10 Ways That Movies Will Change In The 2020s
4. VR Features
While the 2010s may have begun with 3D being the favourite gimmick to try and enhance the cinematic viewing experience, that fad has ultimately died down. It could, however, translate in the 2020s to virtual reality being used in the same way.
The past decade has seen the likes of Oculus making VR technology far more widely available than ever before and, between 2014 and 2017, their Oculus Story Studio made a series of short VR films, picking up an Emmy along the way. By 2019, New York's Tribeca Film Festival a whole "Immersive" area with over 30 VR short films and experiences.

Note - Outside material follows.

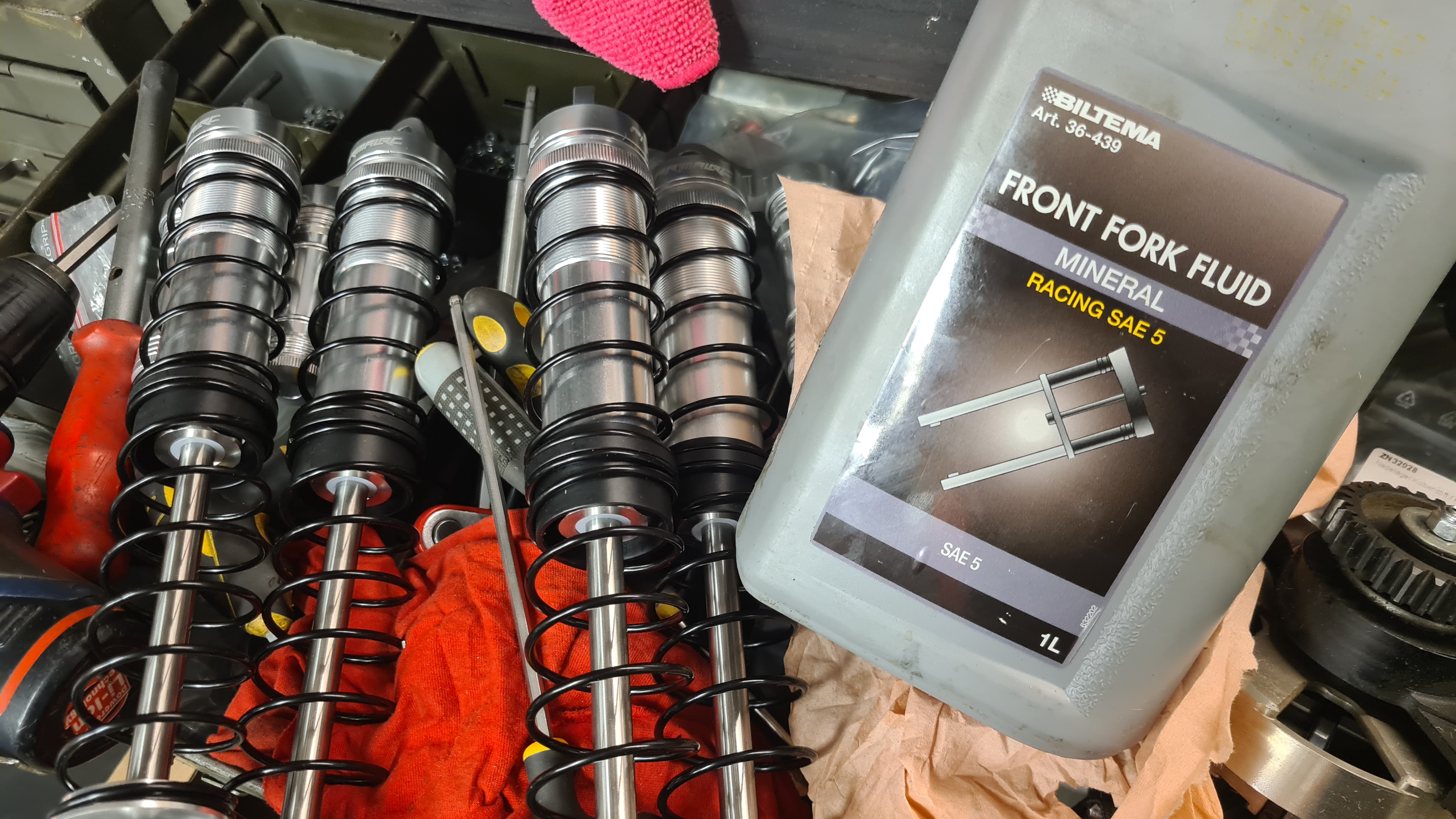 Dels för att jag vill ha så tunn olja som möjligt, och dels för att få så snabb transport av oljan som möjligt inne i kanalerna på dämpare/piggyback.

VR made a big step into the world of mainstream traditional cinema in 2017 with the first VR film from a big name theatrical filmmaker. Two-time Best Director Oscar winner Alejandro González Iñárritu worked with ILM and Legendary Pictures to create Flesh And Sand, a seven-minute short immersing viewers into the place of an immigrant on the US-Mexican border. It was the first VR film to feature in the official selection at the Cannes Film Festival and received critical acclaim from the traditional film press.

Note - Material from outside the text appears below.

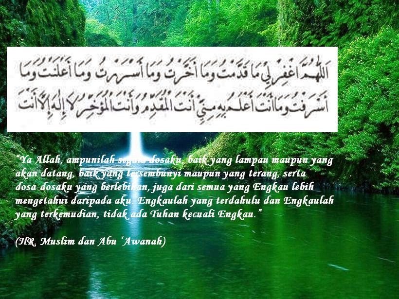"Ya Allah, sesungguhnya aku mohon kepada-Mu, agar dimasukkan ke syurga dan aku berlindung kepadaMu dari Neraka" (HR Abu Dawud dan Sahih Ibn Majah).

Flesh And Sand picked up a Special Achievement Oscar, the award for groundbreaking cinematic work with no regular Oscar category to recognise it. The last time such an award was given out was twenty-five years ago for Toy Story and just look at how that changed the filmmaking world.
Can a full feature-length VR movie from a respected film director be too far off? The likely first Best Picture Oscar winner of the 2020s, 1917, is sold on being an immersive experience fluidly built out of a single, real-time tracking shot, rather than a more conventionally structured and edited film narrative. Is that really too far away from what a VR feature would offer?